** Data supplied follows **

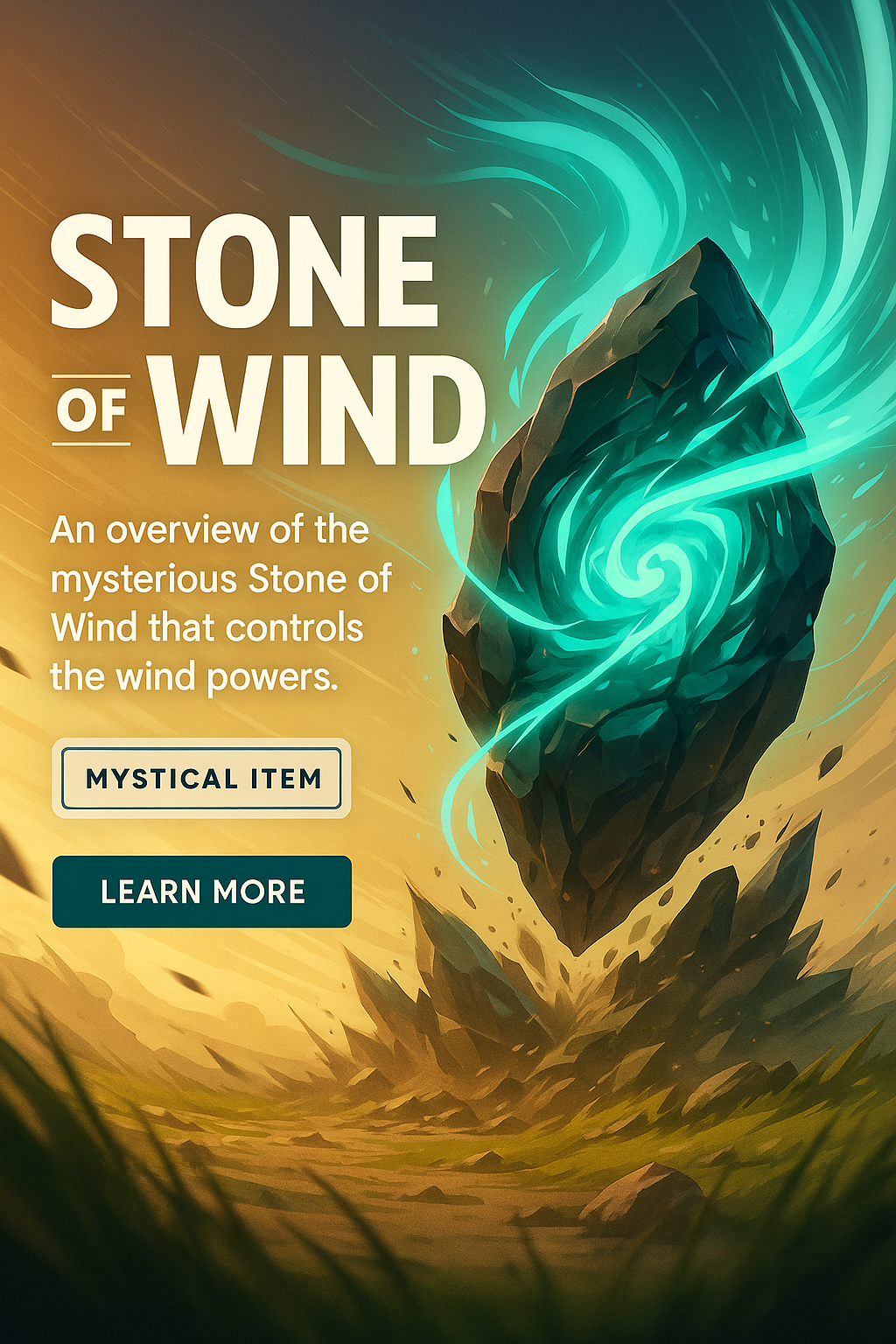 A visually striking depiction of the Stone of Wind, surrounded by swirling winds and a mystical atmosphere. The design emphasizes dynamism and engages the viewer.
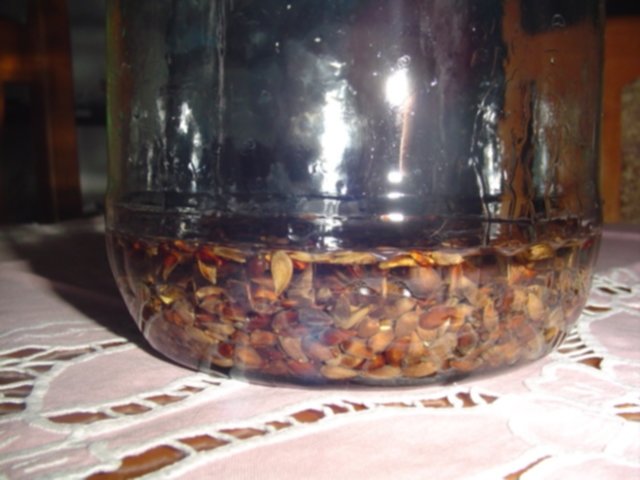 Kilka dni temu nastawiłam nalewkę z pestek z pigwy,długo nie trzeba zbierać,bo w jednym małym owocu pestek tyle co w kilogramie jabłek.Zobaczę co z tego wyjdzie.
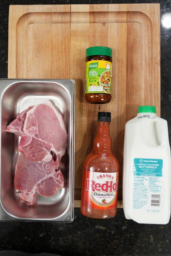 - Brine the pork chops in seasoned buttermilk for at least 4 hours.
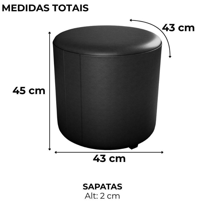 Puff Redondo Decorativo Copenhage Corano Preto Milani Store Preto
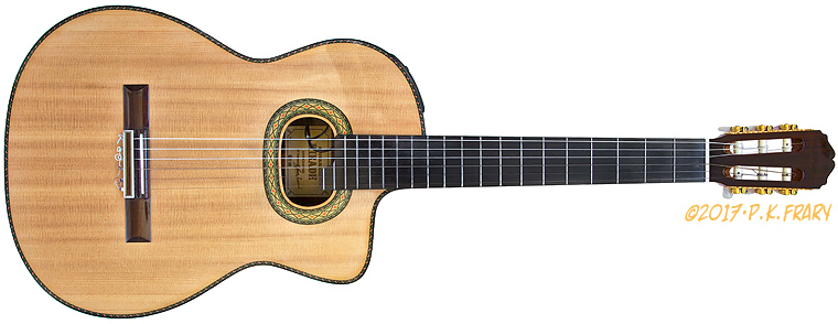 The oval rosette with inlaid marquetry is the most obvious cosmetic difference from a traditional classical and a design hallmark of the 90 series. This marquetry motif is further developed in the body binding, making for a bold and consistent statement of color and design. An over hanging 20th fret adds a high C to the first string, allows a three-octave C scale and helps one aim off-the-board artificial harmonics.
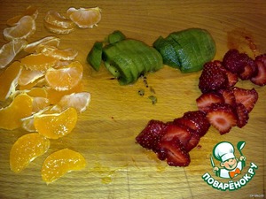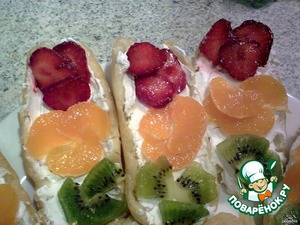 • На остывшие половинки пирожных намазываем нежный крем (полная чайная ложка) и укладываем фрукты в виде светофора: красный, желтый, зеленый
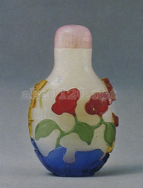 清 高さ4.8cm 幅3.3cm 厚さ2.3cm 扁円形の器身は白色で、紅・黄・藍・緑色料による文飾が施されている。花蝶を浮彫りし、太湖石、霊芝を配している。象牙の匙がついている。出所:『故宮鼻煙壺選崒』

** End of Data supplied **

Could you output the full set of entries exactly, skipping every picture?

- [Output for this task]
 A visually striking depiction of the Stone of Wind, surrounded by swirling winds and a mystical atmosphere. The design emphasizes dynamism and engages the viewer.
 Kilka dni temu nastawiłam nalewkę z pestek z pigwy,długo nie trzeba zbierać,bo w jednym małym owocu pestek tyle co w kilogramie jabłek.Zobaczę co z tego wyjdzie.
 - Brine the pork chops in seasoned buttermilk for at least 4 hours.
 Puff Redondo Decorativo Copenhage Corano Preto Milani Store Preto
 The oval rosette with inlaid marquetry is the most obvious cosmetic difference from a traditional classical and a design hallmark of the 90 series. This marquetry motif is further developed in the body binding, making for a bold and consistent statement of color and design. An over hanging 20th fret adds a high C to the first string, allows a three-octave C scale and helps one aim off-the-board artificial harmonics.
 • На остывшие половинки пирожных намазываем нежный крем (полная чайная ложка) и укладываем фрукты в виде светофора: красный, желтый, зеленый
 清 高さ4.8cm 幅3.3cm 厚さ2.3cm 扁円形の器身は白色で、紅・黄・藍・緑色料による文飾が施されている。花蝶を浮彫りし、太湖石、霊芝を配している。象牙の匙がついている。出所:『故宮鼻煙壺選崒』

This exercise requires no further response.